(What is expected)
Begin at the line containing "资料照片:2010年6月13" in the entries below and end at the line containing "Deborah Rawson) |"; transcribe that range exactly and nothing outside it.

(Materials provided)
▶

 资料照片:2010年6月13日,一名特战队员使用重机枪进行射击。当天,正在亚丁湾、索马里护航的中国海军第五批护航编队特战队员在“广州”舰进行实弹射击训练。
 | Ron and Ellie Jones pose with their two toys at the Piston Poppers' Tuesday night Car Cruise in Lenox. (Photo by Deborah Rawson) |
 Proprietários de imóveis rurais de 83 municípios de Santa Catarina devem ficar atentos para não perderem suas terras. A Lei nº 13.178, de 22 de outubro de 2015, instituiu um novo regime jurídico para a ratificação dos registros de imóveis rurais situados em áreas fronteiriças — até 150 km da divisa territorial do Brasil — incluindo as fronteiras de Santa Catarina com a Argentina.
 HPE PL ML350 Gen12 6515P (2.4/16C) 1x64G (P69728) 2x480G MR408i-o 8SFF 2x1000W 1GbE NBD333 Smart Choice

◀
▶

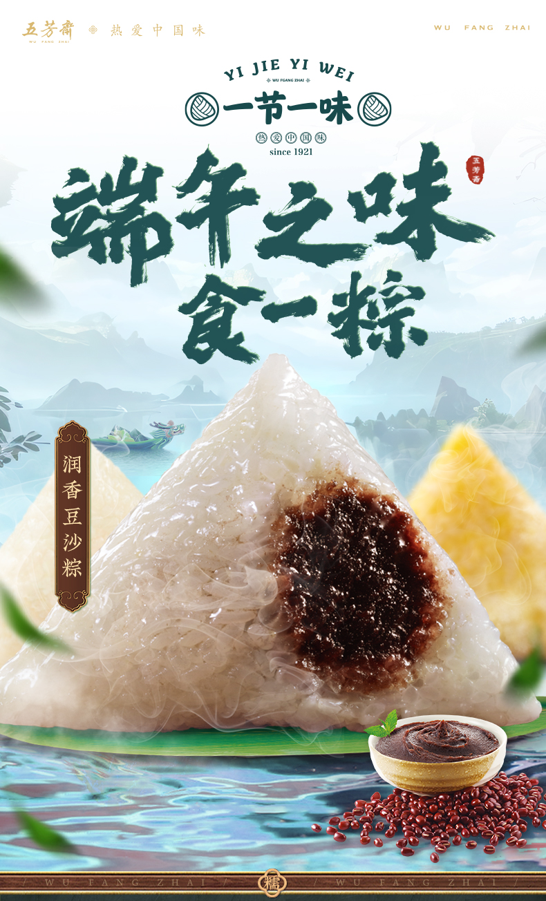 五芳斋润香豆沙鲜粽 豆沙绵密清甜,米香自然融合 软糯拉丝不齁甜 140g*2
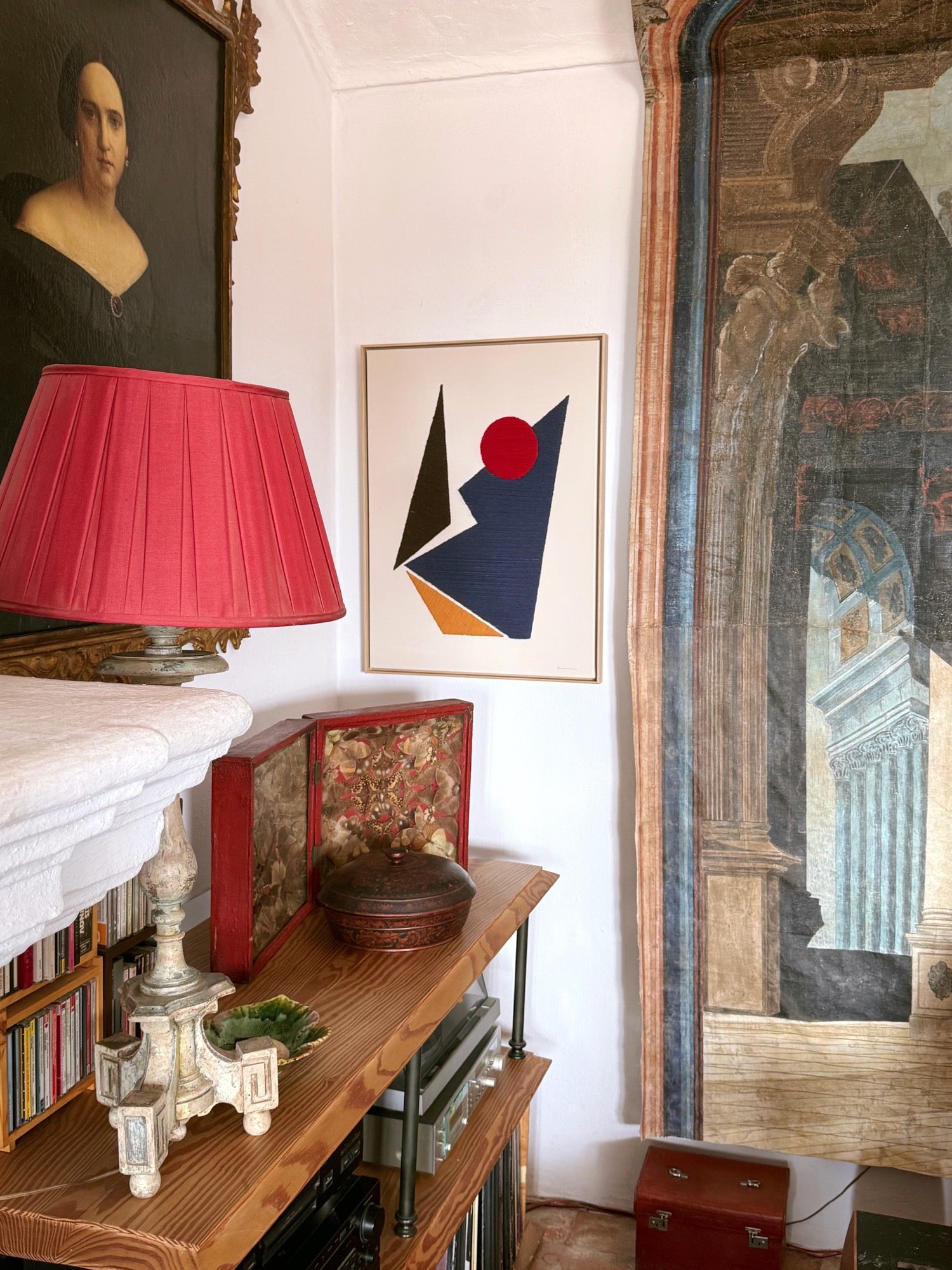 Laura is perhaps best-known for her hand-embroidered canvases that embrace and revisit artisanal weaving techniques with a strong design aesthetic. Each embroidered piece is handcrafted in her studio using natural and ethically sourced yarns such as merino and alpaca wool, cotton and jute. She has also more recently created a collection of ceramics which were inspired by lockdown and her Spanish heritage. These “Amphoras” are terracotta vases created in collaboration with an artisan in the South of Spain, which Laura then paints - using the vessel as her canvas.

◀
▶

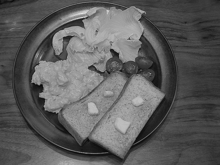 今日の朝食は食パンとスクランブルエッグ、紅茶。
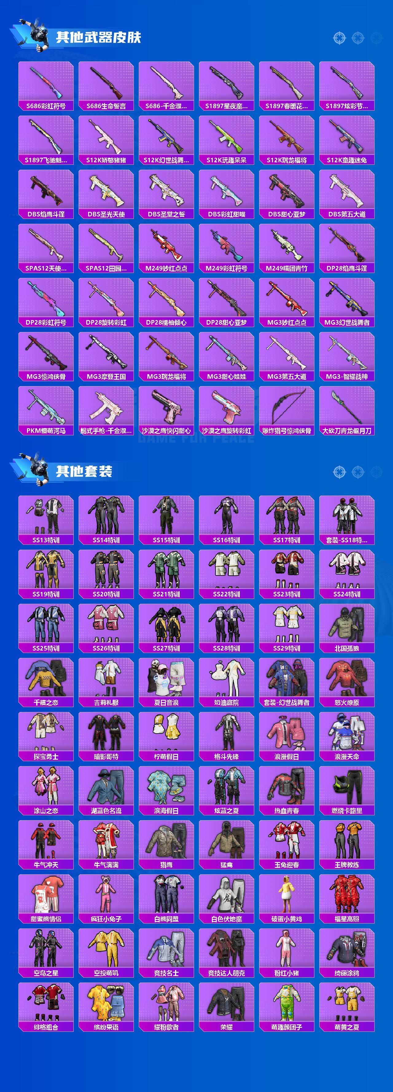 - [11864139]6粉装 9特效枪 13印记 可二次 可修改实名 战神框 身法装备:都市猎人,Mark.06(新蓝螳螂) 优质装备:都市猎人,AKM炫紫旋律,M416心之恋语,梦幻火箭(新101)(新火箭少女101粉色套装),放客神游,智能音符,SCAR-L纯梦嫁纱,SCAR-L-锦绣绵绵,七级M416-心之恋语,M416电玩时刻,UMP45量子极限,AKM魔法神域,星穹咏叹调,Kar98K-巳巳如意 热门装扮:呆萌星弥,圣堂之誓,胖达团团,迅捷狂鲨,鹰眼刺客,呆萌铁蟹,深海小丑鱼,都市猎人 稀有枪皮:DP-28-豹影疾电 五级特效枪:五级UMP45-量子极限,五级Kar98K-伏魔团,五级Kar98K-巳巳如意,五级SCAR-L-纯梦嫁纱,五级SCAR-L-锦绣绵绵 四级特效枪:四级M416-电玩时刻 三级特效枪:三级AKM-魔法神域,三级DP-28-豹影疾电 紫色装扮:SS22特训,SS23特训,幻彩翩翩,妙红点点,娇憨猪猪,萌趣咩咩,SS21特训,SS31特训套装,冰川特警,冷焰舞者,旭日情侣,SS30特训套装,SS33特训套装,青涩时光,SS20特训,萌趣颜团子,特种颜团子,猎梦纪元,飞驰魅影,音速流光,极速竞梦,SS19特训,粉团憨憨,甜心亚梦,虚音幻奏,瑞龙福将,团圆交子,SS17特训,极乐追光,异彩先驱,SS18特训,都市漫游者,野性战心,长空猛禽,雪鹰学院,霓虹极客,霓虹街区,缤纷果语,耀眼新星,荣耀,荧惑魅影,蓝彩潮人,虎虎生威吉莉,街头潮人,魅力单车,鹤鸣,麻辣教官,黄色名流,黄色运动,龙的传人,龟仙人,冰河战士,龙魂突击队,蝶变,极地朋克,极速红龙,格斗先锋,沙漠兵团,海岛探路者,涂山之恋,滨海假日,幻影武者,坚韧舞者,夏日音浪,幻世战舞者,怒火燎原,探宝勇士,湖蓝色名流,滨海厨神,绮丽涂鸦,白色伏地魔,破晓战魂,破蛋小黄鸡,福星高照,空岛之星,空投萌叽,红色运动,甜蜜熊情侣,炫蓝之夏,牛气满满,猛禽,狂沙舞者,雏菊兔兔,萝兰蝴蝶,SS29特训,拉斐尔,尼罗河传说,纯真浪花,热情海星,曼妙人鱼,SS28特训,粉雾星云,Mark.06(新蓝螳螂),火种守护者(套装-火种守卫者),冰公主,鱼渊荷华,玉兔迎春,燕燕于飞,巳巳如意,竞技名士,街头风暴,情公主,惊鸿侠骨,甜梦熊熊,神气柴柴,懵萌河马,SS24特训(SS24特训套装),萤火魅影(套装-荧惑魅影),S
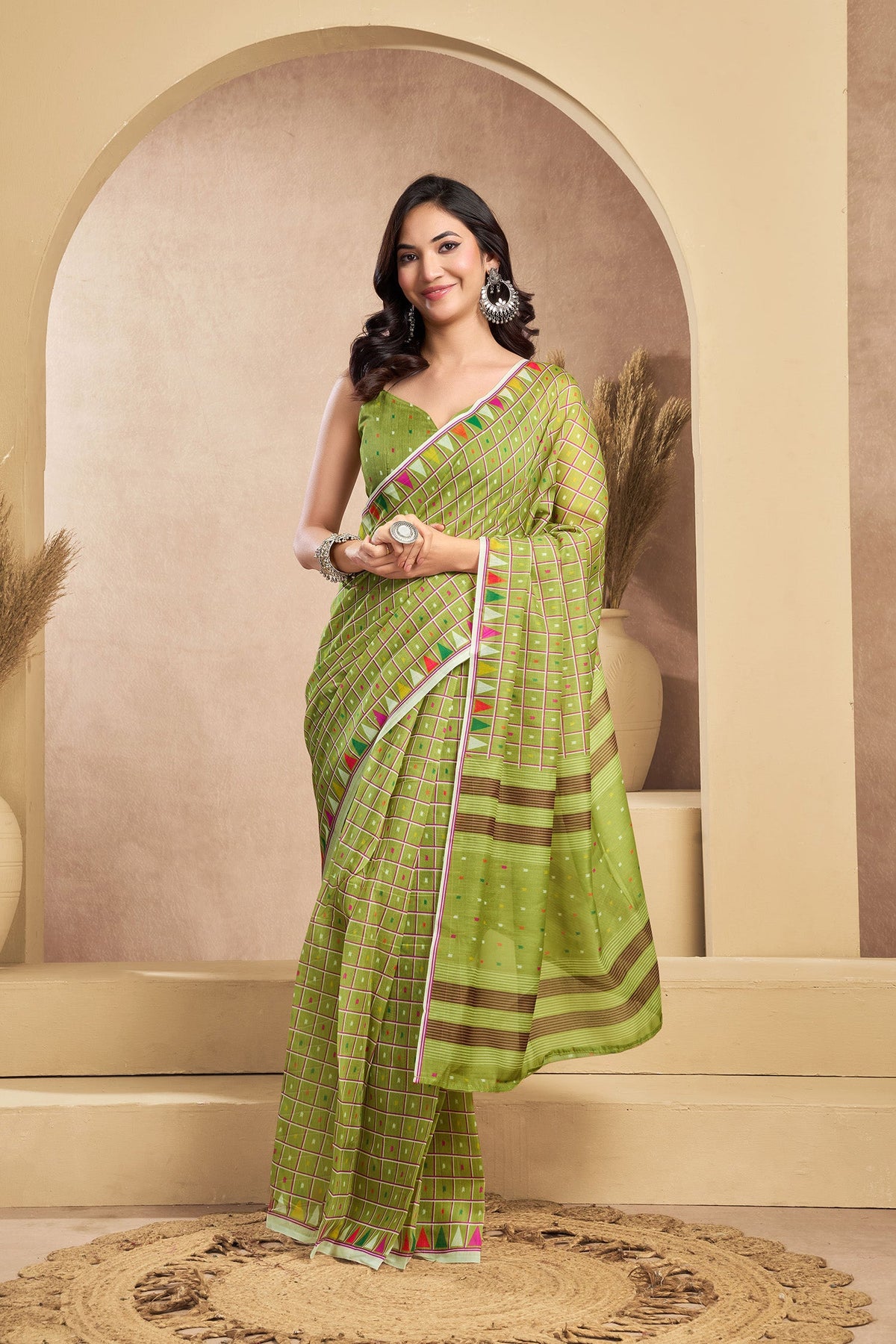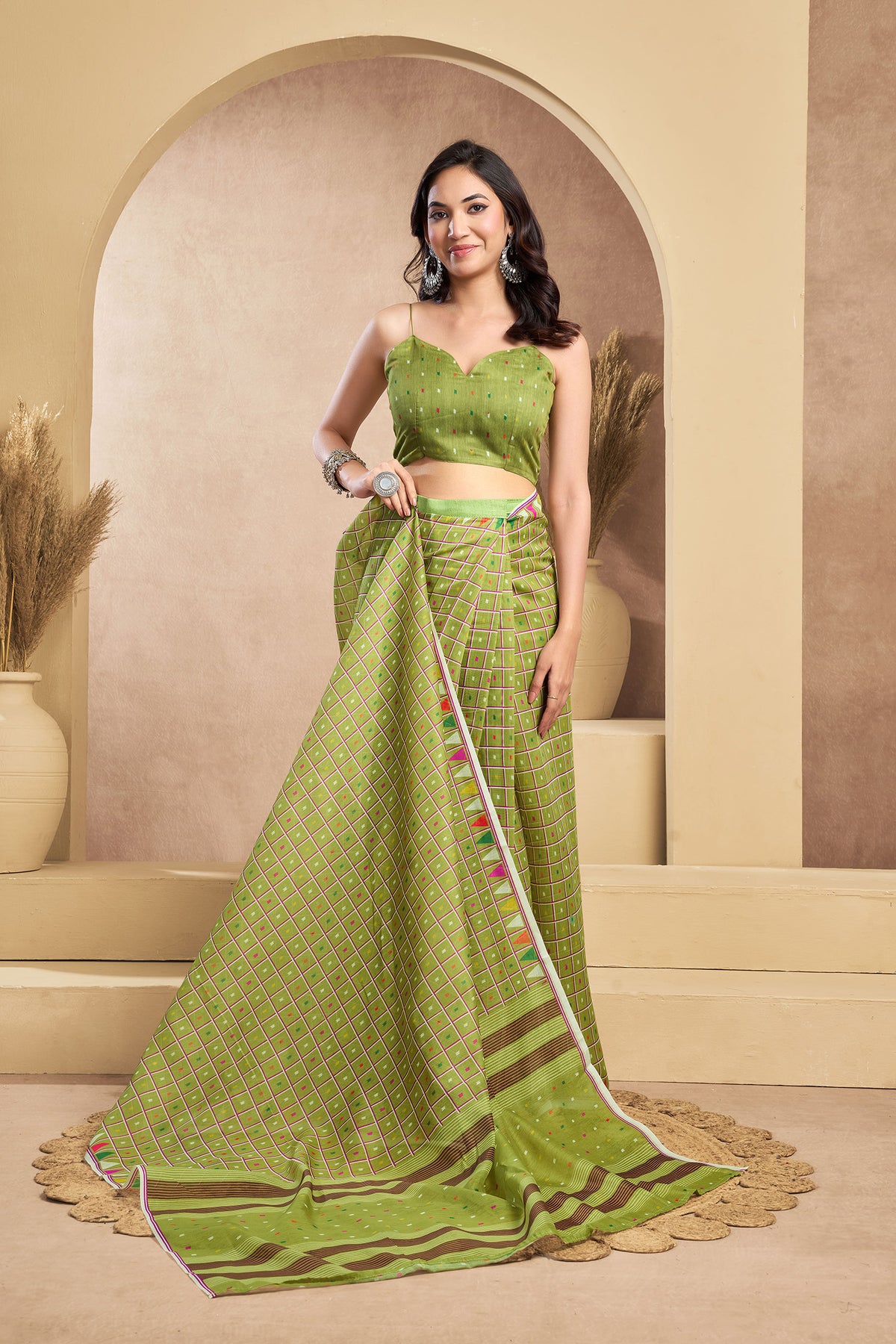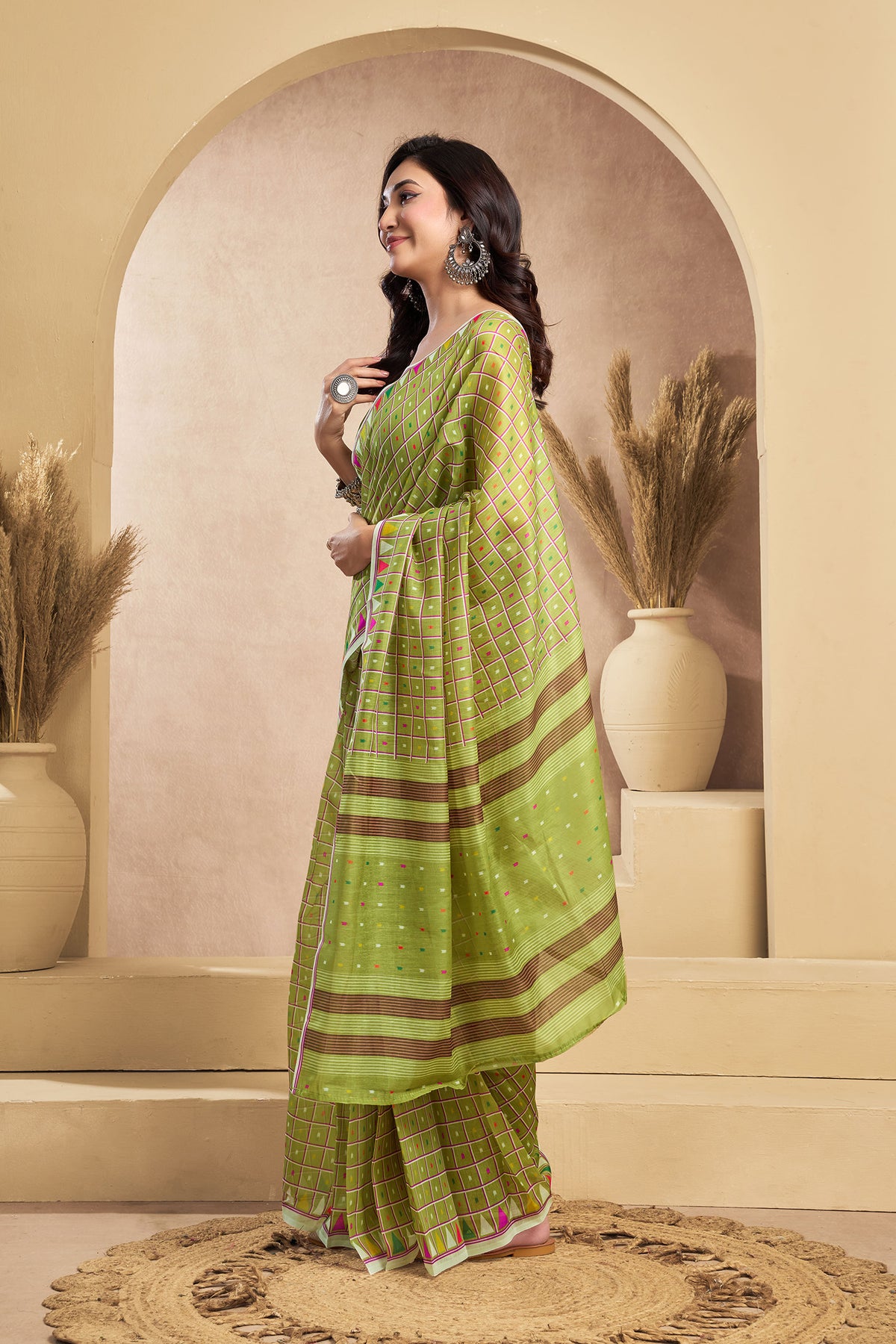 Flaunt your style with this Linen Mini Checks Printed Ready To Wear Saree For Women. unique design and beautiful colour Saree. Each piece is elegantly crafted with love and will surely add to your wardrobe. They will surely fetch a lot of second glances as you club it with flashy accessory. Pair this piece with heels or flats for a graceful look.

◀

(Output for this task)
 资料照片:2010年6月13日,一名特战队员使用重机枪进行射击。当天,正在亚丁湾、索马里护航的中国海军第五批护航编队特战队员在“广州”舰进行实弹射击训练。
 | Ron and Ellie Jones pose with their two toys at the Piston Poppers' Tuesday night Car Cruise in Lenox. (Photo by Deborah Rawson) |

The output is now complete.